[Data records — start]
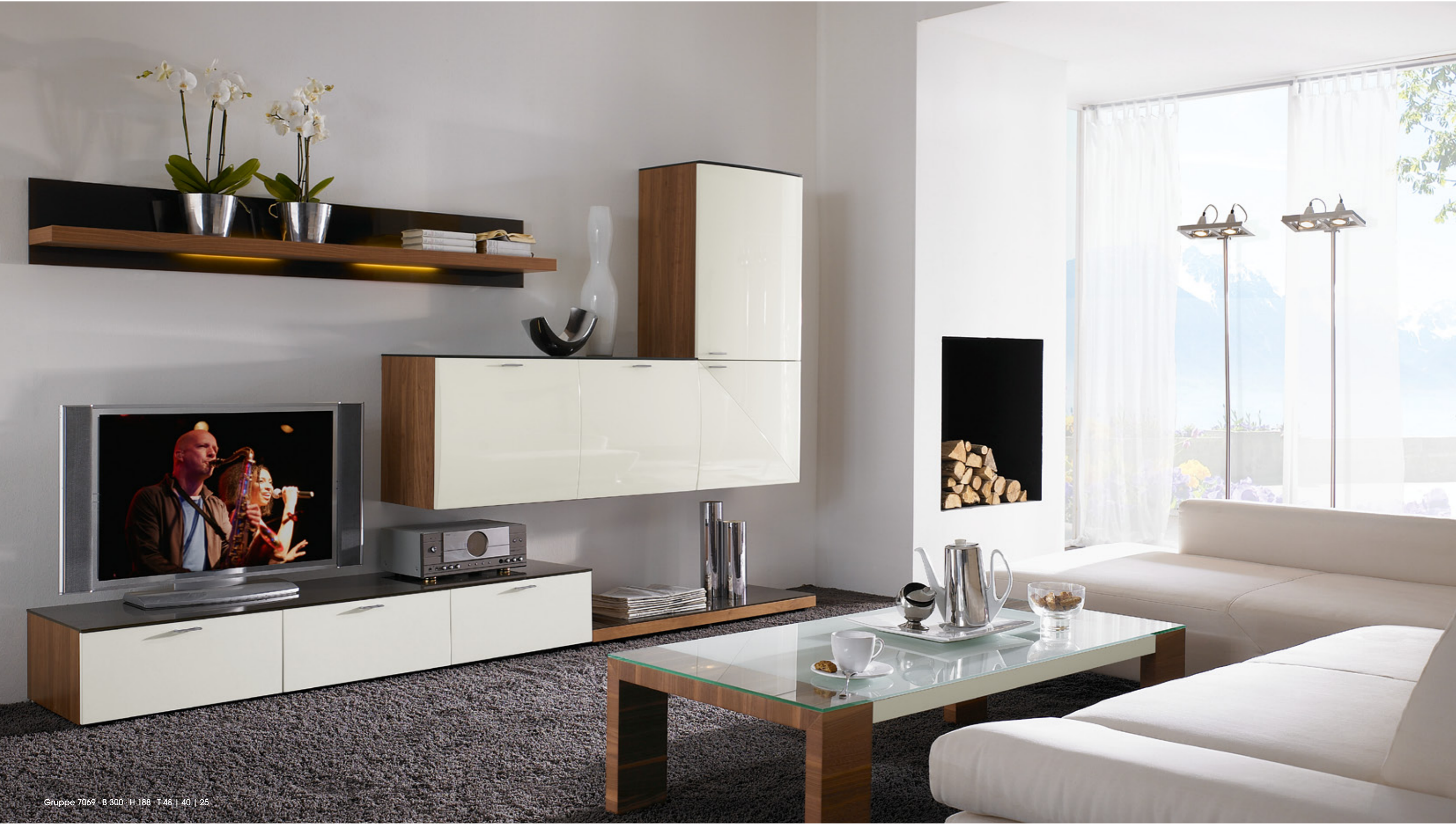
Gruppe 7069 · B 300 · H 188 · T 48 | 40 | 25
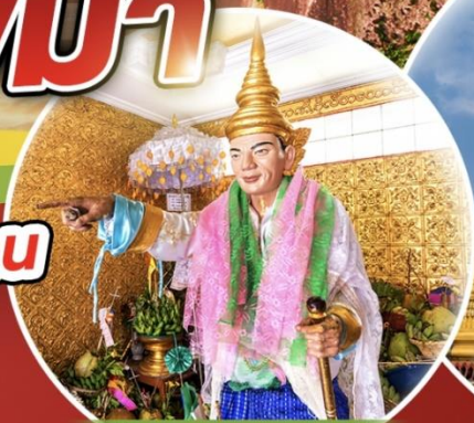
สักการะเทพทันใจ
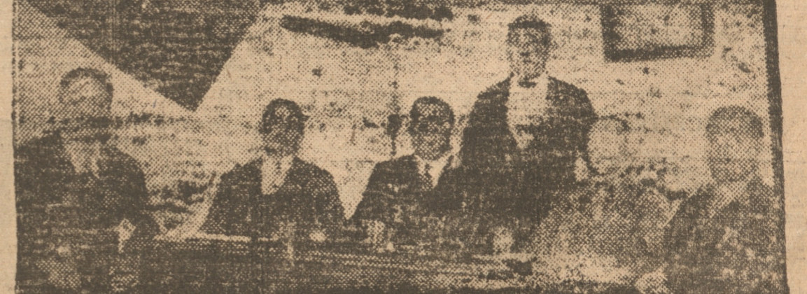
JUNTA DIRECTIVA DE LA CONVENCION DE COMERCIANTES MINORISTAS QUE INICIO AYER SUS LABORES
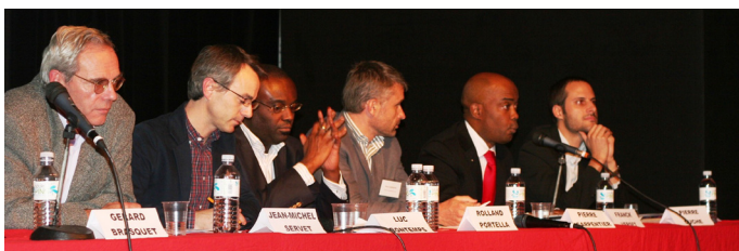
Table-ronde du gala Cofides, le 8 novembre 2012 à Paris

Pour la Cofides, il a également été l'occasion de resserrer ou de nouer des liens avec d'autres organismes de la diaspora africaine, à l'instar de la Cade (Coordination pour l'Afrique de Demain), de l'African Business Club et du Club Affaires Afrique. D'autres opportunités de renforcer notre réseau nous seront offertes en 2013, notamment lors de la deuxième édition de la Foire Africaine, où nous tiendrons un stand (voir agenda ci-dessous).
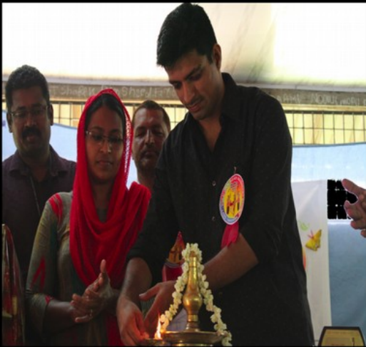
Aslaf Parakkedan District panchayath member
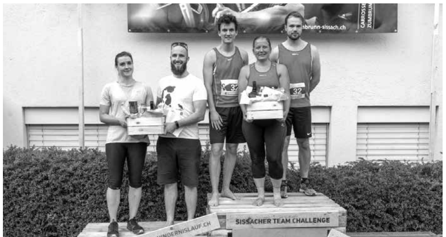
glückliches Mixed-Team am Team Challenge: 1. Rang
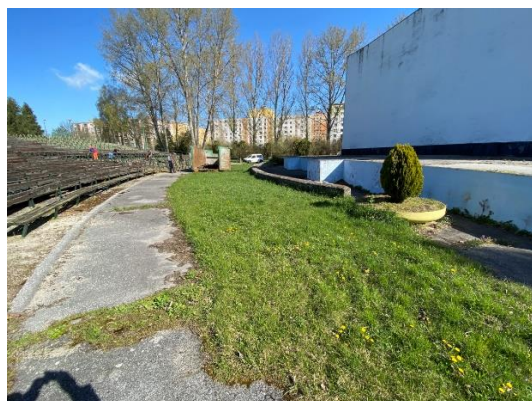
Plocha pred pódium
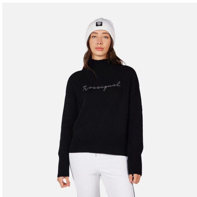
Rossignol W SIGNATURE SWEATER-BLACK-svetr
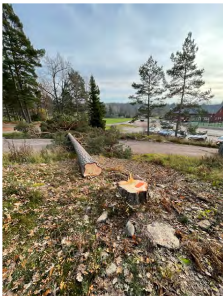
Röjning av hinder.

Nu när ännu en golfsäsong knackar på dörren ska det bli kul att åter få öppna upp Ljusterö Golf till årets spel. Det har nu gått ett år sen jag antog jobbet att driva och utveckla vår fina anläggning och då var det fortfarande Covid som dominerade debatten och höll oss i ett kollektivt grepp. Nu när vi inte har några restriktioner längre så är det i stället dom tragiska händelserna i Ukraina som påverkar oss på flera plan.
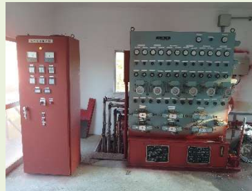
斜樋ゲート機側操作盤 油圧ユニット
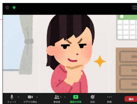
ミーティングテスト画面
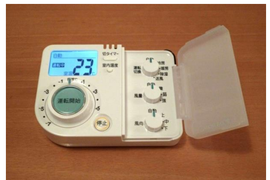
図1 ダイキン工業（株）と共同開発したエアコン用リモコン（らくエア）：2012年度グッドデザイン賞および2013年度 IAUD アワード（プロダクトデザイン部門）受賞

本講演では、ここに記載したものの他にもさまざまな具体例を挙げながら、わかりやすくお話しする予定です。
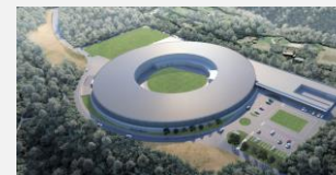
次世代放射光施設完成予想図

既存放射光施設におけるトライアルユースの実施により、その利活用事例の広報等を通じて、幅広い業種の事業者等が次世代放射光施設の利活用に取り組むための環境づくりを進めます。
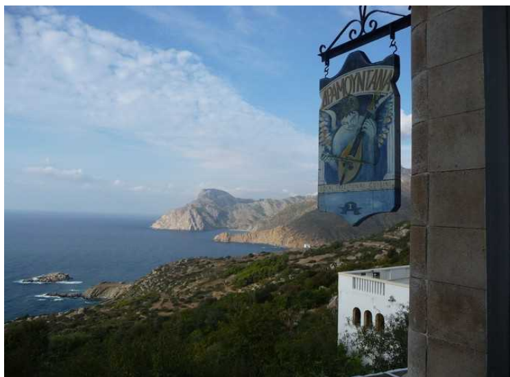
Skiltet til restauranten med kysten nordover i bakgrunnen.
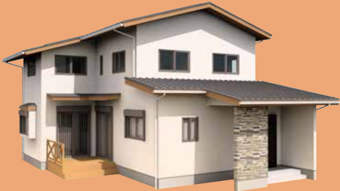
加古川市 ○ 様邸
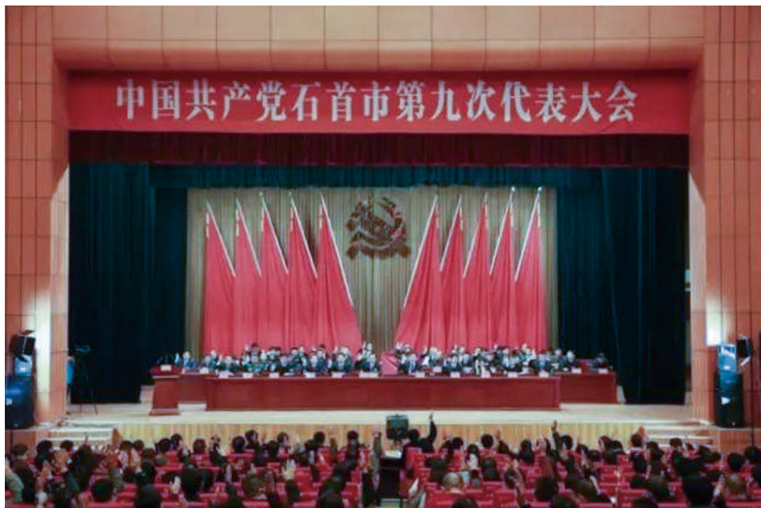
11月17—19日，中国共产党石首市第九次代表大会在市科技馆召开
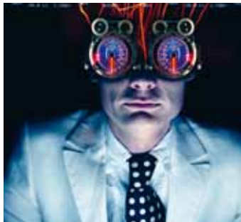
Mekanik Kantatik
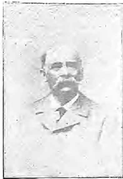
D. NICOLÁS SERRANO, ALCALDE DE EL ESCORIAL
[Data records — finish]
• _Try it_
Once you reach the line containing "ミーティングテスト画面", print it and every line after it exactly, through the end of the entries, without any pictures.

• _Task output_
ミーティングテスト画面
図1 ダイキン工業（株）と共同開発したエアコン用リモコン（らくエア）：2012年度グッドデザイン賞および2013年度 IAUD アワード（プロダクトデザイン部門）受賞

本講演では、ここに記載したものの他にもさまざまな具体例を挙げながら、わかりやすくお話しする予定です。
次世代放射光施設完成予想図

既存放射光施設におけるトライアルユースの実施により、その利活用事例の広報等を通じて、幅広い業種の事業者等が次世代放射光施設の利活用に取り組むための環境づくりを進めます。
Skiltet til restauranten med kysten nordover i bakgrunnen.
加古川市 ○ 様邸
11月17—19日，中国共产党石首市第九次代表大会在市科技馆召开
Mekanik Kantatik
D. NICOLÁS SERRANO, ALCALDE DE EL ESCORIAL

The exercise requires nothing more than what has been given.